- Location: Gulbene, Latvia
- Date: February 22, 1999 12:00 - 1:30 p.m. (EET)
- Attack type: Mass stabbing
- Weapons: Meat cleaver; Knife; Axe;
- Deaths: 4
- Injured: 1
- Perpetrator: Alexander Koryakov
- Motive: Notoriety

= Gulbene kindergarten massacre =

Infamous attack and worst mass murder in Latvian history

On 22 February 1999, at a kindergarten in Gulbene, Latvia, three young girls and a teacher were killed, and a nurse was injured when a 19-year-old man, Alexander Koryakov, entered the school armed with a knife and a cleaver during the children's midday nap. The suspect, Alexander Koryakov was a 19-year-old unemployed man from the Gulbene area. He had reportedly been inquiring about the kindergarten's security measures in the days leading up to the attack, raising suspicions among staff.

Koryakov reportedly committed the attack to gain notoriety and had premeditated the murders. He was later sentenced to life imprisonment.

==Attack==
On 22 February 1999, a 19-year-old man named Alexander Koryakov entered the Gulbene kindergarten during the children's midday nap period, around 12:00–1:00 p.m.

Koryakov was armed with a knife and a cleaver and attacked the sleeping children and a teacher.
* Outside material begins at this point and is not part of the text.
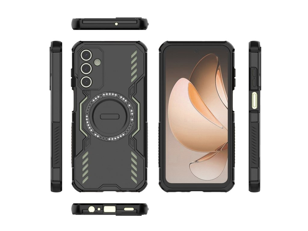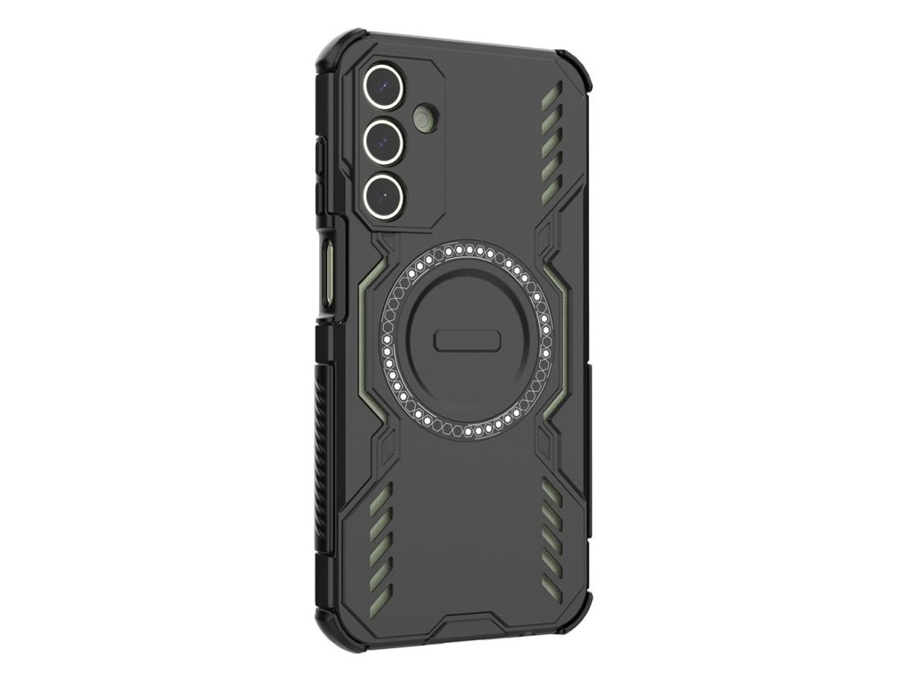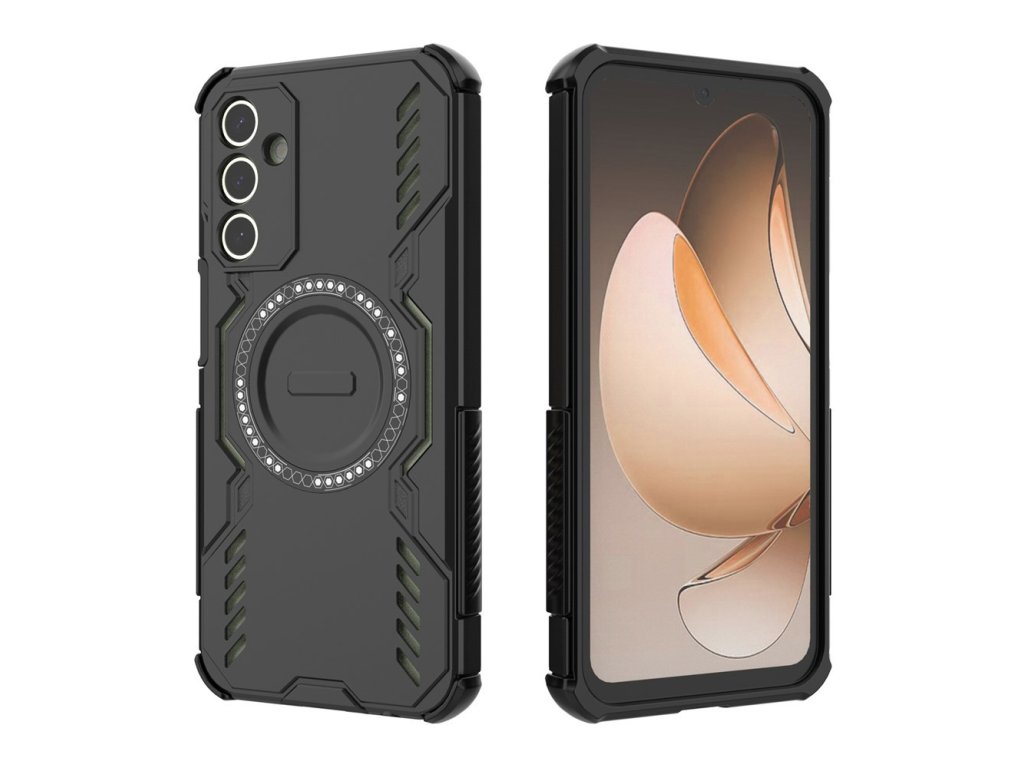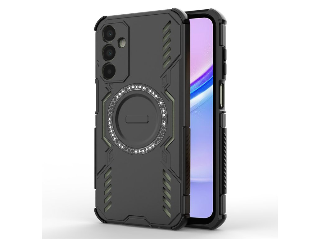 Antishock pouzdro Samsung Galaxy A15 4G ArmorMag Case kombinuje robustní vzhled s futuristickými liniemi a technologickými detaily s protiskluzovou texturou pro bezpečné a pohodlné držení.

Three girls aged approximately 4–6 and a teacher were killed, receiving a total of 39 stab and chop wounds. A nurse was injured but survived while attempting to intervene.
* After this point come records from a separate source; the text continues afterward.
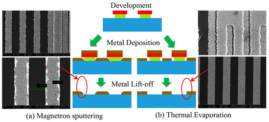 A comparison of the experimental results and of metal IDT fabrication using magnetron sputtering (a) and thermal evaporation (b).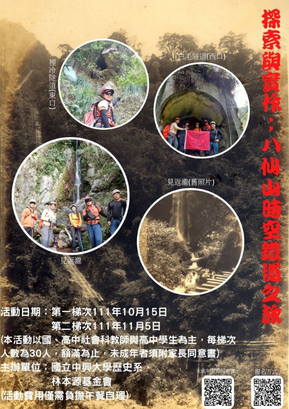 檢送國立中興大學歷史學系舉辦「探索與實作:八仙山時空鐵道之旅」活動海報電子檔1份,請老師踴躍報名參加。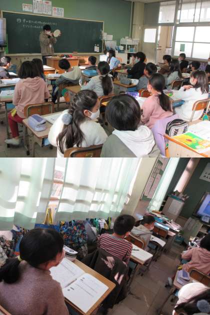 2月1日(火)3年生(1) 公開日 2022/02/01 更新日 2022/02/01 3年 2組の理科の授業です。 今日は「音が出ているときのものの様子がどうなっているか」についての学習です。 トライアングルやタンバリンなどが準備されていました。

According to Koryakov's own statement, the attack was premeditated and motivated by a desire to gain notoriety.

==Victims==

The attack claimed the lives of three young girls and one teacher. According to Latvian retrospectives:

- Viktorija Rožina (4 years old)
- Olga Kazačenoka (5 years old)
- Anastasija Černova (6 years old)
- Anželika Žvīgure, teacher (31 years old)

A nurse present in the room was also injured while attempting to protect the children, but survived the attack.

==Aftermath==
The killings shocked Latvia and prompted a national discussion on school safety. The government approved emergency funds to assist the town with funeral and condolence expenses. President Guntis Ulmanis publicly condemned the murders, calling them among the worst acts of violence in recent Latvian memory.

The tragedy led to renewed attention on security measures in kindergartens and schools, including better supervision during nap times and stricter access controls to prevent unauthorized individuals from entering.

==Trial==
Koryakov was arrested immediately after the attack as he attempted to flee the area.

The trial began on 29 November 1999 at the Vidzeme District Court. Koryakov admitted to planning and committing the murders, and was found criminally responsible. On 7 December 1999, he was sentenced to life imprisonment in accordance with Latvian law.

During the trial, prosecutors emphasized the premeditated nature of the attack and the extreme brutality of the crimes, which caused widespread shock in Latvia and prompted a national discussion on school safety.

As of 2019, Koryakov was still serving his life sentence and had only ever received one interview in prison, the host of which refused to release it publicly so as to avoid letting him achieve his goal of gaining infamy.